Recorded data
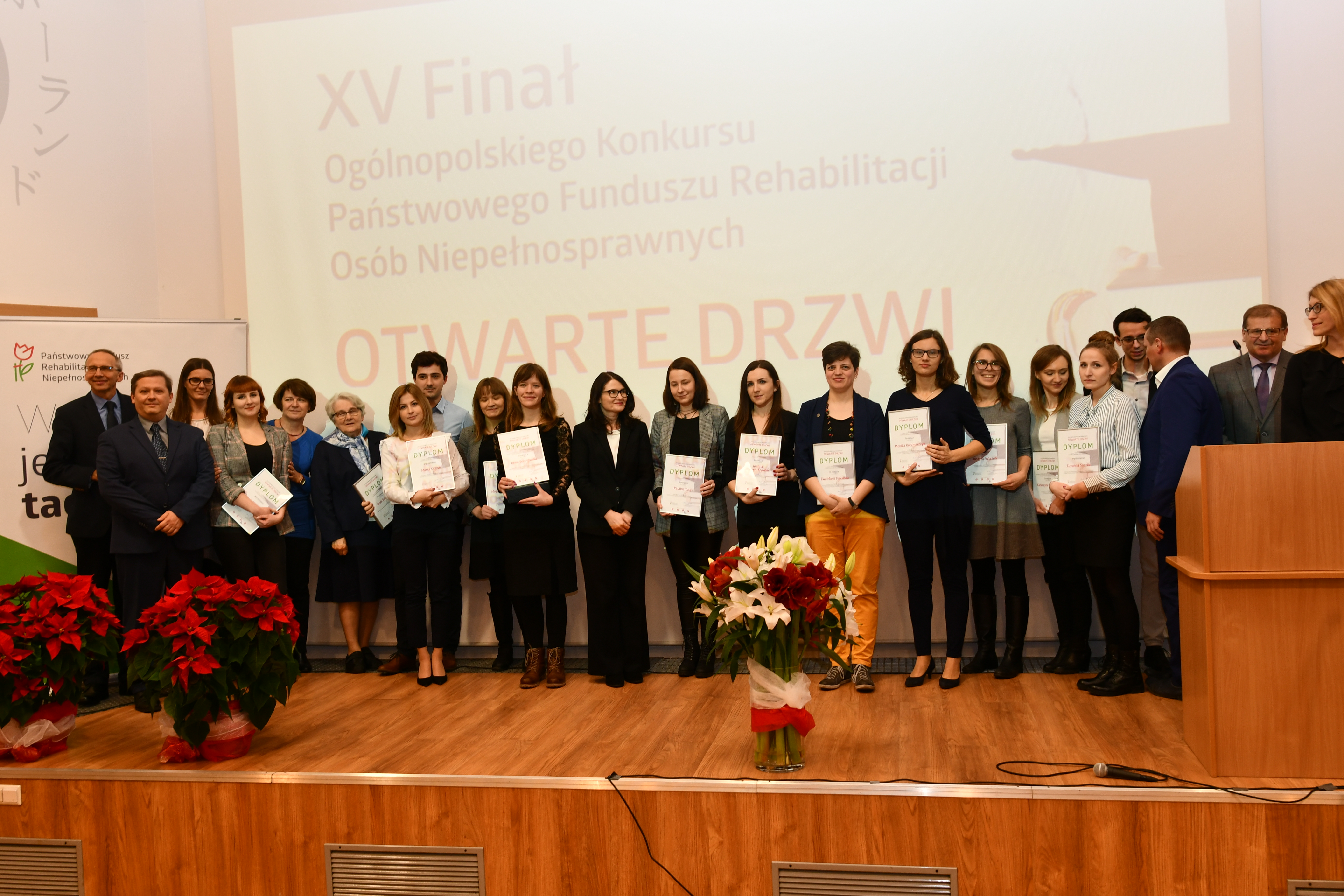 W uroczystości wzięli udział laureaci XV edycji konkursu, promotorzy nagrodzonych prac magisterskich i doktorskich, przedstawiciele komisji konkursowej a także przedstawiciele środowiska naukowego i organizacji pozarządowych. W Auli PJATK obecni byli również dr. hab. Jerzy Paweł Nowacki – Rektor Polsko-Japońskiej Akademii Technik Komputerowych oraz Michał Pelczarski – Dyrektor Biura Pełnomocnika Rządu ds. Osób Niepełnosprawnych.
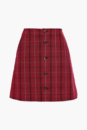 Button-detailed checked woven mini skirt
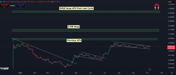 日内价格图表显示,该资产早盘曾冲高至0.03255美元,随后遭遇强卖压进入下跌区域。值得注意的是,买方似乎正在关键支撑位积极防守,反复测试支撑有效性。分析师CryptoBull指出,下一关键阻力位在0.038美元,而0.04-0.043美元区间则是决定性的突破点位。
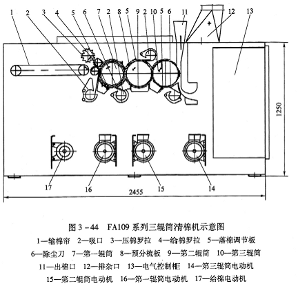 2.FA109系列三辊筒清棉机的主要结构本机主要由机架、给棉系统、清棉系统、排杂系统和电气控制系统组成,主要结构见图3—44。
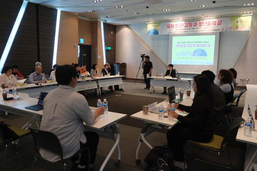 2025년 9월 17일 일산 킨텍스 제2전시장에서 있었던 분쟁과 갈등이 청년들의 삶에 미치는 영향을 알아보고 이를 극복하기 위한 국제사회 청년들의 협력 방안을 모색하는 <청년 · 전문가 평화 ROUND TABLE>행사에 관한 사진이다
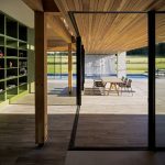 The handwriting of the existing buildings on the site, and the requirement to raise the ground level above the 100-year floodplain, created a linear plan combining the existing disparate agricultural buildings and new modern vernacular forms with a glazed axial gallery.
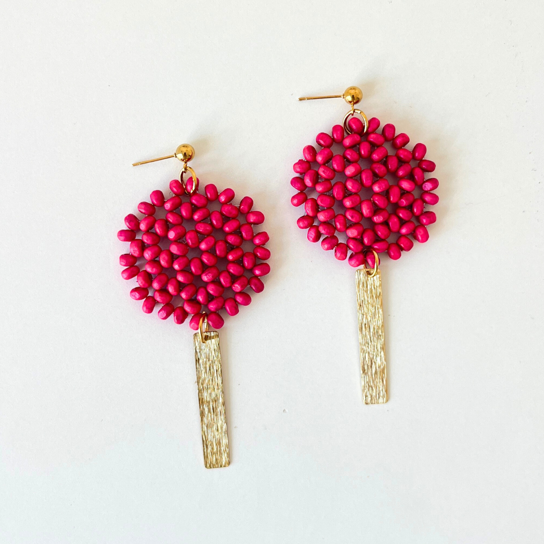 Scopri gli orecchini Olivia , la perfetta fusione di colore, leggerezza e stile. Un design allegro con perline in legno di bouganville che non solo illumina il tuo viso, ma aggiunge anche un tocco unico a qualsiasi look. Ideali per ospiti, fiere, eventi speciali o per impreziosire la tua vita quotidiana con un accessorio unico, realizzato a mano.
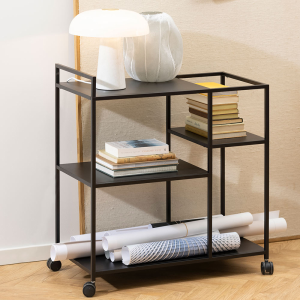 Le chariot noir Davian de Smuk est une table roulante élégante qui s'intègre parfaitement dans un intérieur moderne ou industriel. Vous pouvez utiliser le Davian dans différentes pièces. Vous pouvez l'utiliser dans la cuisine pour vos épices, livres de cuisine, vaisselle et autres. Vous pouvez également l'utiliser dans le salon pour ranger des livres, des papiers et des ustensiles d'écriture. Le chariot multifonctionnel est fabriqué en métal laqué et comporte 4 niveaux. Le chariot repose sur 4 roues, ce qui vous permet de faire rouler le Davian partout. Le chariot Smuk a une longueur de 78 cm, une largeur de 40 cm et une hauteur de 85 cm.
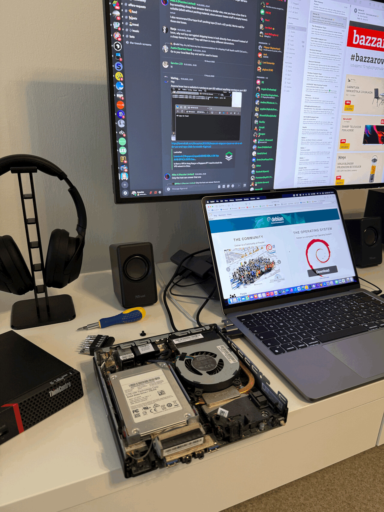 Ovaj moj hepek je ThinkCentre M920 Tiny sa Intel i5 6500T, 16GB RAM, 500GB NVMe i 128GB SSD SATA, a vrti se uz Debian + CasaOS.
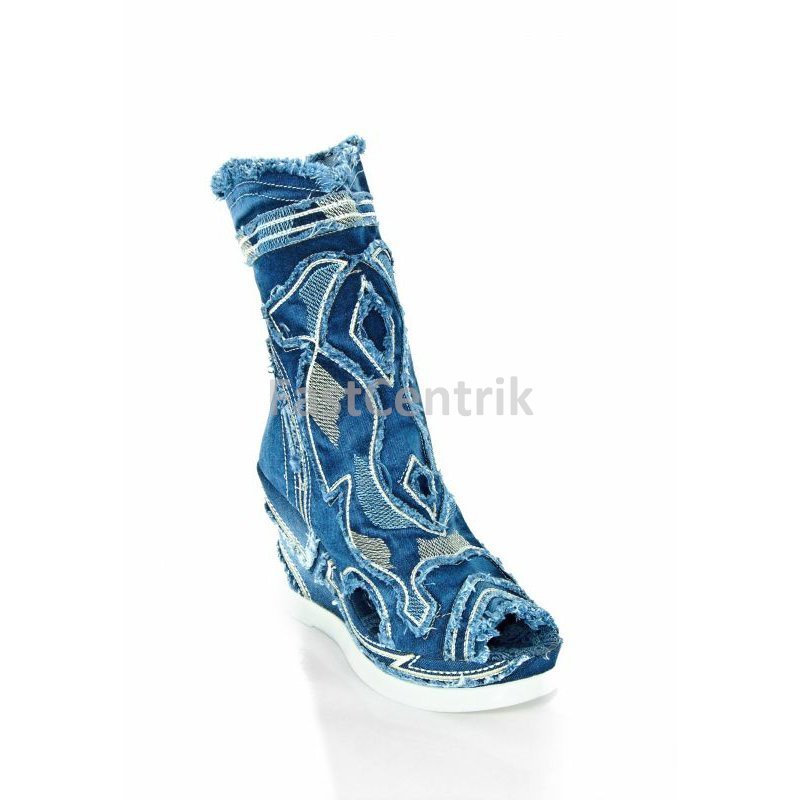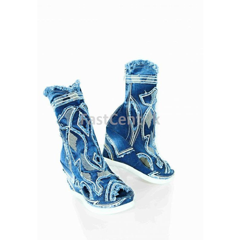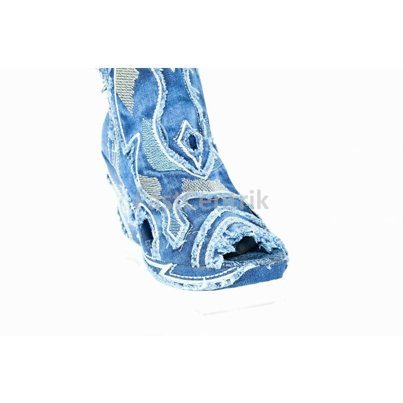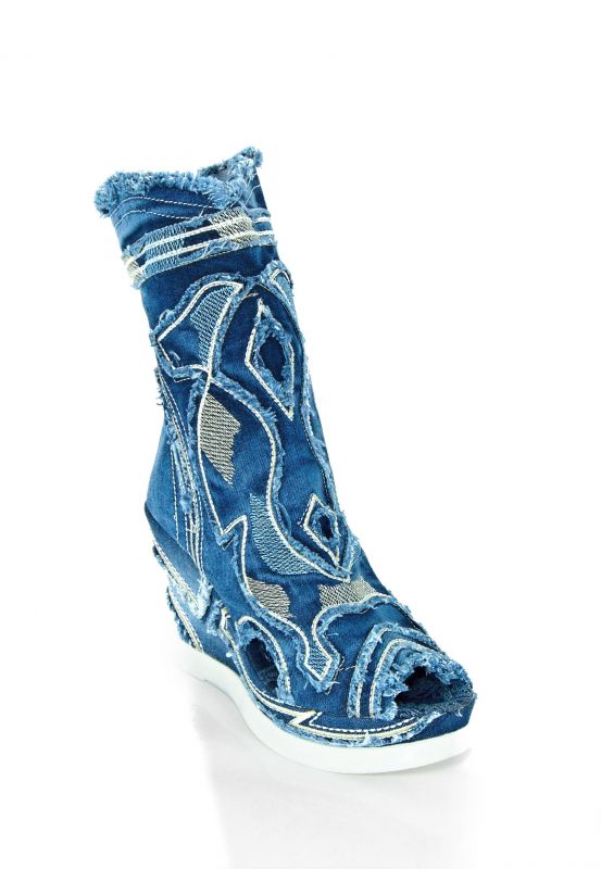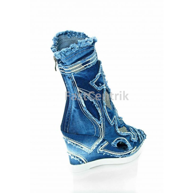 JEANS ,,džínoviny" velice kvalitní a příjmný materiál: -na zadní části zapínání na zip po celé výšce boty -třásně z ,,džínovin" zdobí horní lem i celé obě strany boty -měkká vložka umožní pohodlnou chůzi -vhodné na jarní a letní období -obuv na platformě cca. 4 cm -výška klínu cca. 12 cm ( vnitřkem skrytá) -celková výška 27 cm
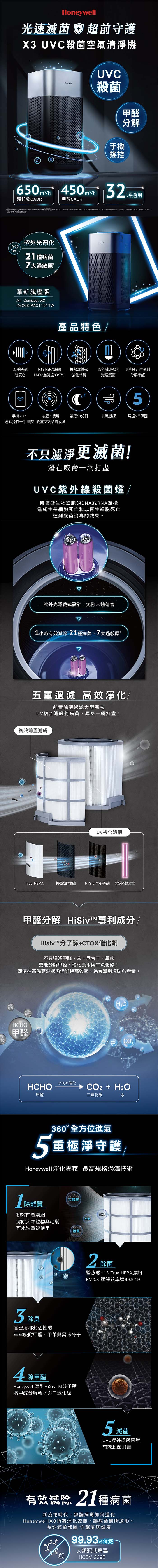 美國 Honeywell X3 UVC殺菌空氣清淨機 X620S-PAC1101TW 原廠公司貨 16-32坪

#### [What you need to do]
Please transcribe exactly the lines from the start of the records through the line containing "日内价格图表显示,该资产早盘", leaving the pictures out.

#### [Written solution]
 W uroczystości wzięli udział laureaci XV edycji konkursu, promotorzy nagrodzonych prac magisterskich i doktorskich, przedstawiciele komisji konkursowej a także przedstawiciele środowiska naukowego i organizacji pozarządowych. W Auli PJATK obecni byli również dr. hab. Jerzy Paweł Nowacki – Rektor Polsko-Japońskiej Akademii Technik Komputerowych oraz Michał Pelczarski – Dyrektor Biura Pełnomocnika Rządu ds. Osób Niepełnosprawnych.
 Button-detailed checked woven mini skirt
 日内价格图表显示,该资产早盘曾冲高至0.03255美元,随后遭遇强卖压进入下跌区域。值得注意的是,买方似乎正在关键支撑位积极防守,反复测试支撑有效性。分析师CryptoBull指出,下一关键阻力位在0.038美元,而0.04-0.043美元区间则是决定性的突破点位。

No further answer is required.